Spirit Awards are given in 14 categories for film and six for television. Each genre division has at least one award especially designed to recognize and nurture new talent. There are also three Emerging Filmmakers Awards, which go to a producer, director, and documentarian.

Films winning multiple awards were Sean Baker’s Anora, Jesse Eisenberg’s A Real Pain, and Sean Wang’s Dìdi. The only television show to win multiple awards was Richard Gadd’s Baby Reindeer; remarkably, it swept half of the awards in the category.

Film

The biggest winner of the afternoon was Anora, which previously earned the Palme d’Or at Cannes. In this comedy, a wealthy Russian couple freaks out after their son’s Vegas wedding to his 21st-century Cinderella, a Brooklyn sex worker named Ani. The film won awards for Best Feature, Director (Sean Baker), and Lead Performance (Mikey Madison).

Also faring quite well in the competition was A Real Pain by writer-director Jesse Eisenberg, who plays a tightly wound character named David. His cousin Benjy (Kieran Culkin) drives David crazy – but also helps him to heal – as they travel to the childhood home of their recently deceased grandmother, a Polish Jew and Holocaust survivor. The collaboration brought Eisenberg Best Screenplay and Culkin Best Supporting Performance.

Two awards for new talent went to Sean Wang, writer-director of Dìdi, which won a Sundance Special Jury Award for its ensemble cast of Izaac Wang, Joan Chen, and other excellent performers. As Sean Wang noted in an acceptance speech, the film broke ground as a coming-of-age story with a Taiwanese American protagonist. Dìdi won the awards for First Feature and First Screenplay.

Television

Natasha Rothwell’s How to Die Alone won the television award for ensemble cast, but in something of a coup, Baby Reindeer brought a similar honor on itself by sweeping the acting awards for television. Baby Reindeer chronicles the persecution of Scottish comedian Donny Gunn (Richard Gadd) and his trans girlfriend, Teri (Nava Mau), by Martha Scott (Jessica Gunning), a delusional stalker whom Donny unfortunately encourages or incites on several occasions. For their outstanding work, Gadd, Mau, and Gunning won the awards for Lead, Supporting, and Breakthrough Performances, respectively.

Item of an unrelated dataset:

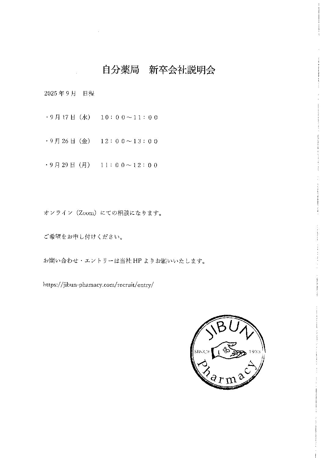 いつも自分薬局をごひいきにいただき、ありがとうございます。 当社では、2026年3月卒業予定及び2026年2月に薬剤師国家試験を受...

The award for a New Scripted Series went to Rachel Kondo and Justin Marks’ Shōgun, based on the 1975 novel by James Clavell. In the series, shipwrecked English sailor John Blackthorne (Cosmo Jarvis) unwittingly catalyzes a civil war among seventeenth-century Japanese warlords, including the formidable Yoshii Toranaga (Hiroyuki Sanada). We featured Shōgun among the shows and other art we were grateful for in our 2024 Thanksgiving roundup.

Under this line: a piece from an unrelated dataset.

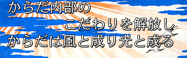 「ゆるめては捻り、捻ってはゆるめ」とあらゆる働きかけで身体内部のしこり、滞り、詰まりを解消すると、からだはパイプのように筒抜けと感じられ、からだ内外清涼感のある気の風が渦巻くようになります。その気の風を味わいながら瞑想呼吸法をくりかえすと、エネルギー純度は研ぎ澄まされ、密度がMAXに達し、光りSparkとなります。それは細胞のもつ能力なのです。 |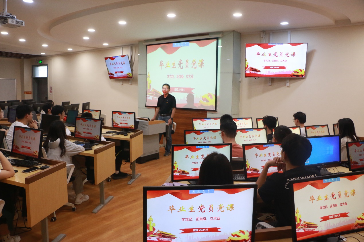 6月4日下午,数学学院举行2024届毕业生党员专题党课。数学学院党委书记戎辉以“学党纪、正自身、立大业”为题讲授党课,学院学工办主任卫慧芳、专职辅导员郑硕、2024届毕业生党员参加党课。

Finally, the award for a New Non-Scripted or Documentary Series went to Justin Simien’s Hollywood Black, based on historian Donald Bogle’s book of the same name. The four-part docuseries illuminates untold contributions of Black creatives to the U.S. entertainment industry.


Thank you, Film Independent!

Quite rightly, award recipients thanked Film Independent, a sentiment we would echo and magnify. Funds raised by the Spirit Awards enable Film Independent to support indie filmmakers year-round through an array of educational programs and grants. Audiences would not be able to enjoy such a vibrant selection of indie films without its work.

Similarly, we’re grateful to Hollywood stars like Emma Stone who continue to foster the careers of new filmmakers or visionary auteurs working outside the commercial mainstream. While remembering the producers, we must also thank the distributors: The biggest winners of the afternoon were brought to audiences by Neon (Anora), Searchlight (A Real Pain), and Focus Features (Dìdi). But many other wonderful distributors, too many to list here, are working nonstop to keep indie cinema alive.

In addition to congratulating all the Spirit Award winners, please join us in thanking Film Independent and all the supporters of indie artists. We can’t wait for next year’s nominees!